See https://spdx.org/spdx-specification-21-web-version#h.wape5vaqknj2
Returns:
corresponding string
"""
return f"{self.name}-{self.version}"
@property
def document_namespace(self) -> str:
"""Gets document namespace.
See https://spdx.org/spdx-specification-21-web-version#h.1gdfkutofa90
Returns:
corresponding string
"""
if self._document_namespace:
return self._document_namespace
return self._generate_namespace()
def _generate_namespace(self) -> str:
"""Generates a document namespace."""
if self._is_dependency:
url_base = "http://spdx.org/spdxdocs"
uuid = generate_uuid_based_on_str(self.document_name)

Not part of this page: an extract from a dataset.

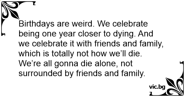 Birthdays are weird. We celebrate being one year closer to dying. And we celebrate it with friends and family, which is totally not how we’ll die.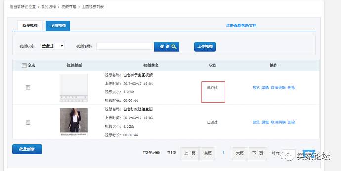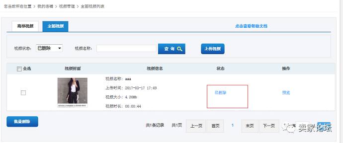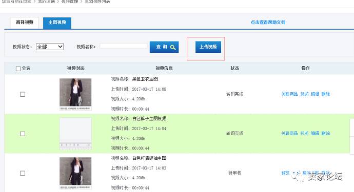 1.先进入shop端-我的店铺-视频管理页面,点击主图视频tab,可以看到主图视频列表页面:

return f"{url_base}/{self.document_name}-{uuid}"
return str(get_project_namespace(self._project_config, self.document_name))
@property
def name(self) -> str:
"""Gets package's name.
Returns:
corresponding string
"""
return str(self._package_metadata.name)
@property
def version(self) -> str:
"""Gets package version.
Returns:
package version
"""
return str(self._package_metadata.version)
@property
def licence(self) -> str:
"""Gets the project's licence.
Returns:
project's licence
"""
return str(self._package_metadata.licence)
@property
def author(self) -> str:
"""Gets the document's author.
Returns:
document's author
"""
return str(self._package_metadata.author)
@property
def author_email(self) -> str:
"""Gets the document author's email.
Returns:
document author's email
"""
return str(self._package_metadata.author_email)
@property
def organisation(self) -> str:
"""Gets the organisation.
Returns:
the organisation in charge
"""
return str(configuration.get_value(ConfigurationVariable.ORGANISATION))
@property
def organisation_email(self) -> str:
"""Gets the organisation's email.
Returns:
organisation's email
"""
return str(configuration.get_value(ConfigurationVariable.ORGANISATION_EMAIL))
@property
def tool_name(self) -> str:
"""Gets this generation tool's name.
Returns:
this tool's name
"""
return TOOL_NAME
@property
def reviewer(self) -> str:
"""Gets the document's reviewer.
Returns:
document's reviewer
"""
return str(configuration.get_value(ConfigurationVariable.BOT_USERNAME))
@property
def reviewer_email(self) -> str:
"""Gets the document reviewer's email.
Returns:
document reviewer's email
"""
return str(configuration.get_value(ConfigurationVariable.BOT_EMAIL))
@property
def external_refs(self) -> List[DependencySpdxDocumentRef]:
"""Gets the document external references.
Returns:
the list of external references
"""
return self._other_document_references
@external_refs.setter
def external_refs(self, external_refs: List[DependencySpdxDocumentRef]) -> None:
"""Sets the document external references."""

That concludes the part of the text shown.